One of the functions of CloudFlare is to act as CDN (Content Delivery Network) that automatically caches selected file types of static content by way of extension, and then serves the subsequent requests to the cached objects directly from its global CDN servers.
CloudFlare CDN works slightly different from other CDN services because CloudFlare essentially serves as the proxy for the website, where all content passes through CloudFlare’s server before it’s hitting visitor’s web browser. Likewise for the requests to the website.
As the result, CloudFlare able to act as CDN by automatically caching static content such as CSS, JS, BMP, JPG, JPEG, TIFF, GIF, ICO, PDF, SWF, SVG, PNG, WEBP, and more, transparently without any user interaction. While this makes setting up to use CloudFlare as CDN extremely easy and straightforward, it’s harder to know for certain if CloudFlare actually caches the static content file types of your website, and serves them from the CDN when requested.
CloudFlare does provide a way to check whether Cloudflare is caching the site or a specific file, by checking the responses shown in the “CF-Cache-Status” header.
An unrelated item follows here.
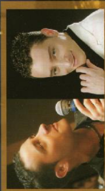
CON LA STRAORDINARIA PARTECIPAZIONE DELL'ORCHESTRA MATTEO TARANTINO

TUTTE LE SERE SI BALLERÀ CON LE ORCHESTRE

There are multiple ways to check the response code for “CF-Cache-Status” in response header, as detailed below.
Method 1: CloudFlare Analytics
If you just want to know if CloudFlare caching is working for your website generally, the Analytics on CloudFlash domain dashboard can provide a quick confirmation. Login to CloudFlare account, select the domain that you have enabled the DNS and HTTP proxy (CDN), then go to Analytics. Verify that Cached Requests (under Requests tab) and/or Cached Bandwidth are meaningful number that commensurate with the website traffic.
Method 2: Check Response Header with Web Browser’s Developer Tools
Open Developer Tools in the web browser such as Chrome, Internet Explorer, Firefox or Edge by pressing F12 key. Then go to Network tab.
Now, open the web page that you want to check whether any of its resources are cached by CloudFlare, or press F5 or Refresh button to reload the web page, so that all network requests and their response results are populated. Note that different web browsers may have different design of the output.
Select the request for the resource that you want to analyze and check for caching in CloudFlare, and look for the status value of CF-Cache-Status in response header, which indicates specifically if the file was from the CloudFlare CDN cache or not. If most cases, HIT status means that the object is in the CloudFlare CDN cache, but any other status codes would also mean that the objects are probably set up to proxy through CloudFlare for CDN to work.
HIT: Resource in CDN cache, served from CDN cache
MISS: Resource not in cache, served from origin server
EXPIRED: Resource was in cache but has since expired, served from origin server
STALE: Resource is in cache, is expired, but served from CDN cache as CloudFlare is fetching resource from the origin server right when it expires.
IGNORED: Resource is cacheable but not in cache because it hasn’t met the number of requests threshold (usually 3), served from origin server.
REVALIDATED: staled object revalidated by using an If-Modified-Since header.
UPDATING: cache is currently populating for that resource, served stale from the existing cached item.
If “CF-Cache-Status” header is missing, but other CloudFlare headers such as “CF-RAY” is found, it indicates that the resource is not cacheable by CloudFlare, unless you’re using Page Rules to create custom caching options.
Method 3: Check Response Header with WebPageTest
Visit webpagetest.org and enter the URL to run the test. Once the test is done, go to Details page and click on the resource that you want to check if it’s served from CloudFlare CDN.
The cf-cache-status is shown under Response Headers.
Method 4: Check Response Header with curl
curl is a tool to transfer data from or to a server, using one of the supported protocols such as HTTP and HTTPS. curl also offers a busload of useful tricks, and can be used to display response header directly. In the Linux terminal with curl installed, run the following command:
curl -svo /dev/null http://domain.com/url
Replace http://domain.com/url with the actual URL of the object that you want to check its CloudFlare CDN cache status. For example, the following command will return the response header of request to Tech Journey main page HTML:
curl -svo /dev/null https://techjourney.net
Within the response header would be CF-Cache-Status status code. As curl only returns response header of the object specified in the command, thus you must specify the URL with the full path to the resource that you want to check if it’s in the CloudFlare’s cache.